# Yikes! Crack Sound When I Walked On Roof



## happyboy (Jun 21, 2007)

After phoning the stealership to ask if it was OK to walk on the roof of my trailer (who said "no problem" I heard and felt a distinct cracking sensation underneath. After changing my underwear, I phoned back the dealer who said don't worry as long as I didn't sink in 4 or 5 inches and the roof didn't tear. He said it was probably just a plastic piece on top of the truss and said this was not a problem. What does everyone think?


----------



## Mgonzo2u (Aug 3, 2004)

While walking on the OB roof, make sure to place your steps on the cross trusses (you can see them bulging up most of the time).


----------



## LarryTheOutback (Jun 15, 2005)

When walking on the trailer roof I tend to put down a board (1 x 4 or 1x6) across the joists from front-to-back. This helps support my weight as I move from the back to the front. This way I'm not having to constantly focus on the locations of the joists.

When I'm working on a specific area of the roof I sit by butt down on one of the joists and work from there. Alternately I put down a short board between joists that I can put my weight on.

Cracking noise? I wouldn't characterize any noise I've heard as a cracking, but there can be some slight noise as you move around.

Ed


----------



## Oakraidr (Jun 25, 2007)

Can you train a few small children to do the work needed?
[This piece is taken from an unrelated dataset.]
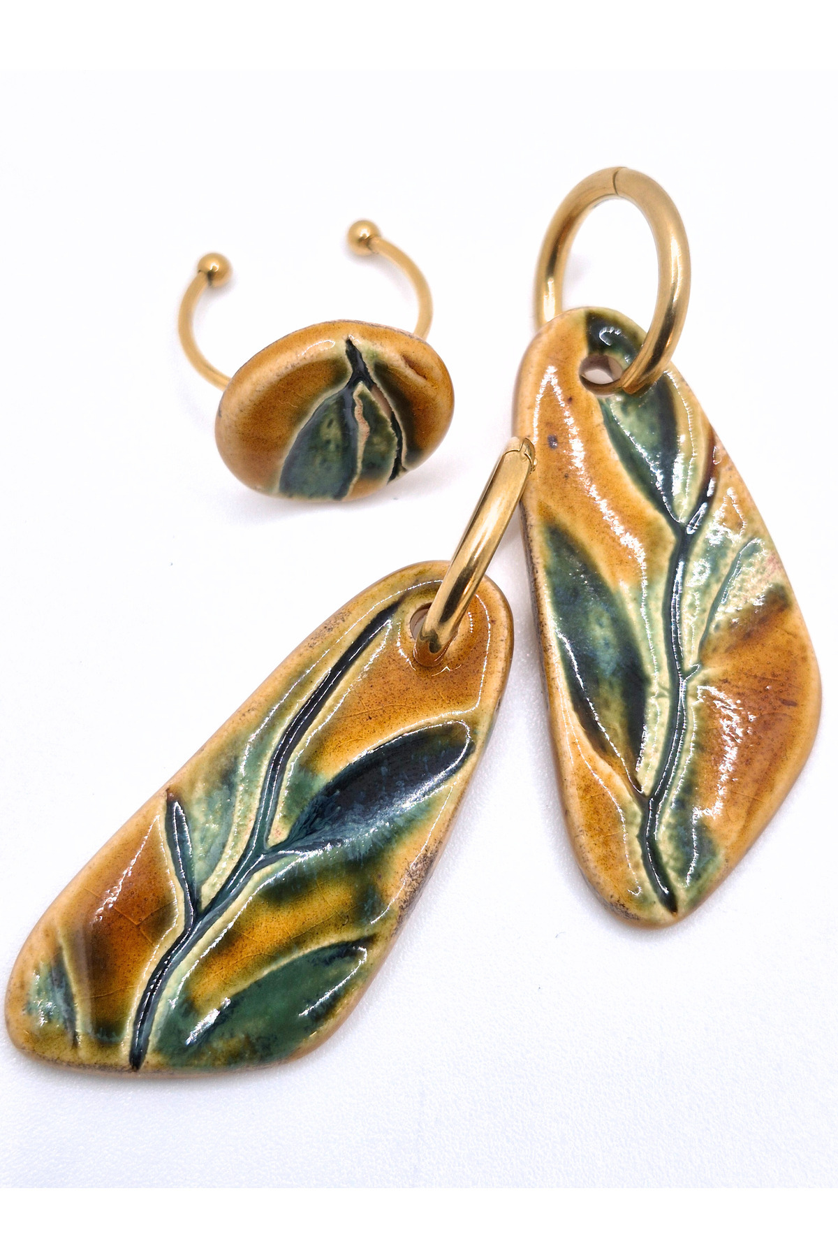Yaprak Dokulu Seramik Küpe, Kolye ve Yüzük Yaprak Dokulu Seramik Küpe, Kolye ve Yüzük PLNYDSS01 تک سایز

They should be ok up there and easier to catch if they slip off.


----------



## California Jim (Dec 11, 2003)

You might have cracked the thin wood that is a part of the roof, but so long as things are as your dealer says you're proably OK.

On a side note, stay off the roof! I have serviced darn near everything up there in the nearly 5 years I've been maintaining the Outback and have never needed to walk up there to do so. There isn't anything you cant reach from a decent step ladder. Just lay your belly up there and reach out. Change sides if necessary to finish.


----------



## LarryTheOutback (Jun 15, 2005)

California Jim said:


> Just lay your belly up there and reach out.


Just make sure you are not wearing anything that could damage the roof membrane ... like a belt (depending on how far out you are reaching from the ladder).

Ed


----------



## happyboy (Jun 21, 2007)

California Jim said:


> You might have cracked the thin wood that is a part of the roof, but so long as things are as your dealer says you're proably OK.
> 
> On a side note, stay off the roof! I have serviced darn near everything up there in the nearly 5 years I've been maintaining the Outback and have never needed to walk up there to do so. There isn't anything you cant reach from a decent step ladder. Just lay your belly up there and reach out. Change sides if necessary to finish.


Thank you Jim. Being the anxious person that I am, contacted Keystone and their answer was what you suggested, so that is probably what it is and it should be OK. As far as walking on the roof...Live and Learn, I guess. Mistakes are OK as long as you don't make the same one twice.


----------



## hazmat456 (Jul 26, 2007)

if you must use wood on your roof please wrap it in carpet or something else soft so you don't scuff or tear the rubber.
wood makes splinters and can be slick when damp!


----------



## Tyvekcat (Aug 28, 2007)

yeah, I agree with California Jim. I don't need to be up there on the roof.
I washed the roof today with my homemade wash rag on a stick. I used the Maguire's NXT car wash to give it a 'Luxurious bath to float the dirt away and not harm rubber, vinyl or paint' . Awesome. It looks nice and white again. A lot of scrubbing though. My elbow is shot.
Tomorrow it gets UV blocker stuff from ProtectAll.

I did see where I need to fix some small cracks that appeared around the skylight and the TV antenna.
They were not there in March.
I think I want to get a smaller antenna for the radio. I think one like the small black European design on our Beetle should work. That thing that is up there now on the outback is rusting somewhat. Just something else to do.

Yeah, when that rubber roof goes away, I think Line-X is the answer, in white


----------



## Ghosty (Jan 17, 2005)

I have a little different outlook ...

Both MSWALT (approx 250lbs) and I (205 - ah I mean 185) were up on his roof during the rally putting up four new MaxxAirs with no problems -- yes -- I agree that the roof is not for playing on but you can definitely walk on it -- just try to stay on the trussels as much as possible but i think that putting anything else up there besides your butt or feet risks doing more injury (scuffing, tearing) then anything...

As for the cracking noise -- that's never good -- i guess as long as the rubber insualtion holds tight then you will be fine -- but bascially you cracked the plywood roof covering -- still should be no problem though -- but you need to mark the spot and make sure you nor anyone else ever steps there again ...

of course i was a little surprised that your weren't surprised when the same dealership that told you that it was OK to walk on the roof in the first place then told you after the wood cracking noise that that noise was also OK..









Nothing you can do about it -- just keep an eye on it -- and stay off that one spot ..


----------



## battalionchief3 (Jun 27, 2006)

What Calf Jim said.....


----------